Home » Health Issues » Polycystic Ovarian Syndrome

I spent most of Valentine’s Day 2004 in the emergency room. I was screaming when I arrived in the ambulance, and that’s something. I seldom make any loud noises! I couldn’t help it, though. I was in some of the worst pain of my life because an ovarian cyst had burst. The doctors couldn’t really do anything but pump me full of painkillers and put me through lots of tests to rule out more serious problems.

Shortly afterwards, I learned that I could have bled to death had that cyst been right at a blood vessel. I’d never been warned of that, and had falled into thinking that it didn’t really matter that I wasn’t under treatment for PCOS any more. Obviously, I was wrong.

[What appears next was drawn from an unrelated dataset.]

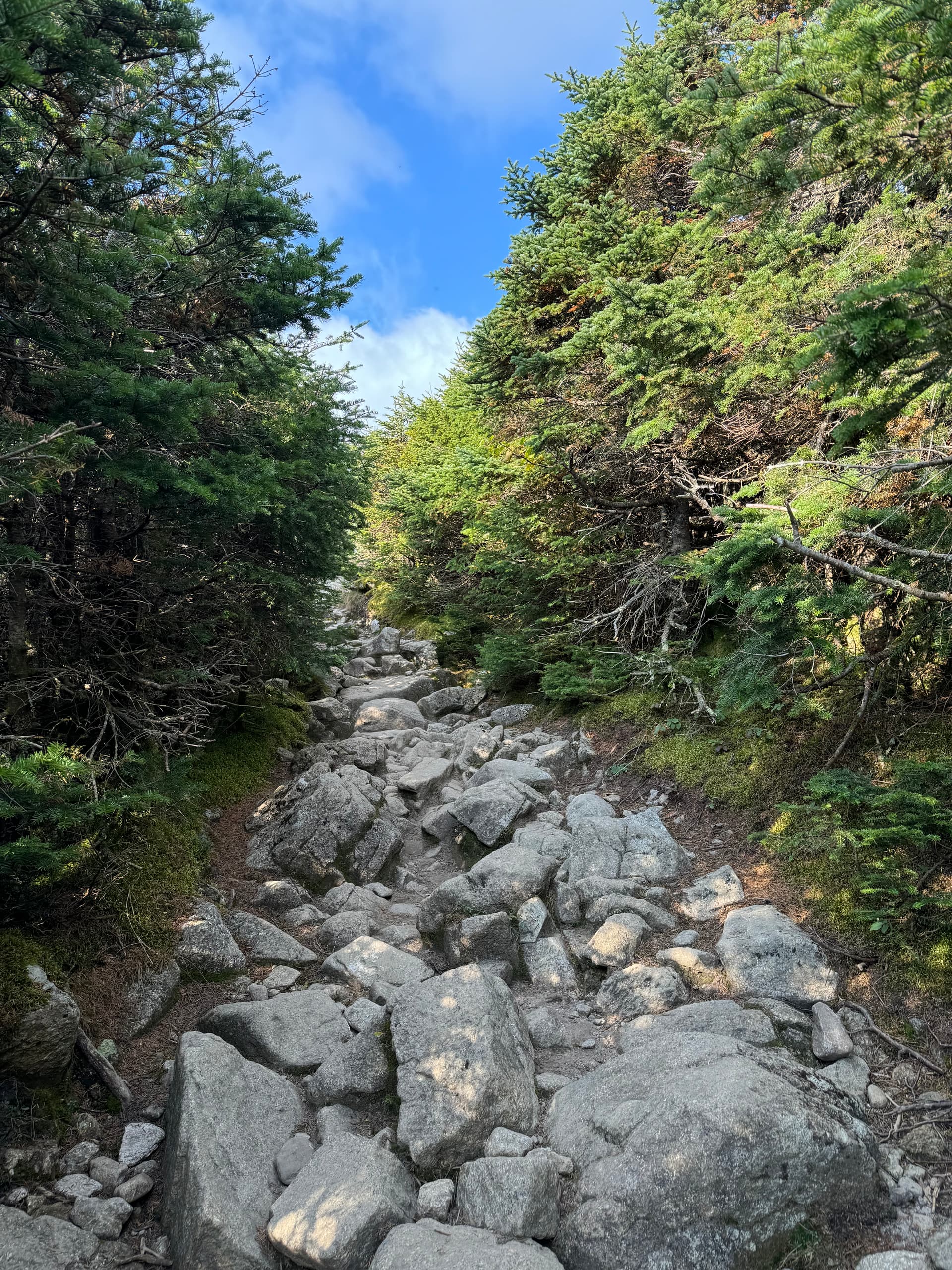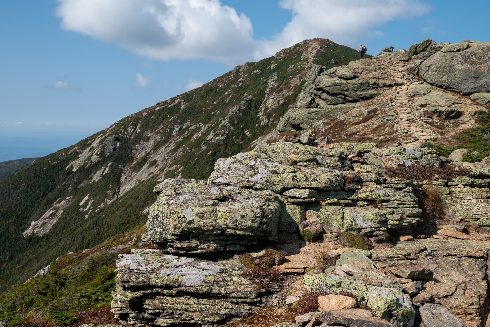 沿着瀑布和山谷缓(tong)慢(ku)地往上爬升到4725ft的山脊线,再从南往北一路走过两座NH48的山峰(Mount Lincoln, Lafayette),上山的过程有多痛苦,山脊线上的风景就有多美好。

Polycystic Overian Syndrome, or PCOS, is more a collection of problems with a common root than a single illness. The symptoms can, in fact, be so diverse that many physicians do not tie them together to see the overall picture. The main symptom is that women with PCOS do not ovulate normally, but form ovarian cysts that can lead to other problems. They usually suffer from amenhorrhea (failure to menstruate) or dysmenorrhea (irregular or painful menstruation), infertility, and in some cases dyspareunia (pain during sex). The hormonal imbalance can lead to weight gain, hirsutism, acne and other problems. There is a very high incidence of depression in PCOS sufferers, as well. In some cases, women who gain a lot of weight may develop PCOS as a result of their weight gain. In most, though, it seems that the imbalance causes the weight gain. In my case, I was quite thin when the PCOS started, and after finally getting treatment for it I started losing weight without dieting.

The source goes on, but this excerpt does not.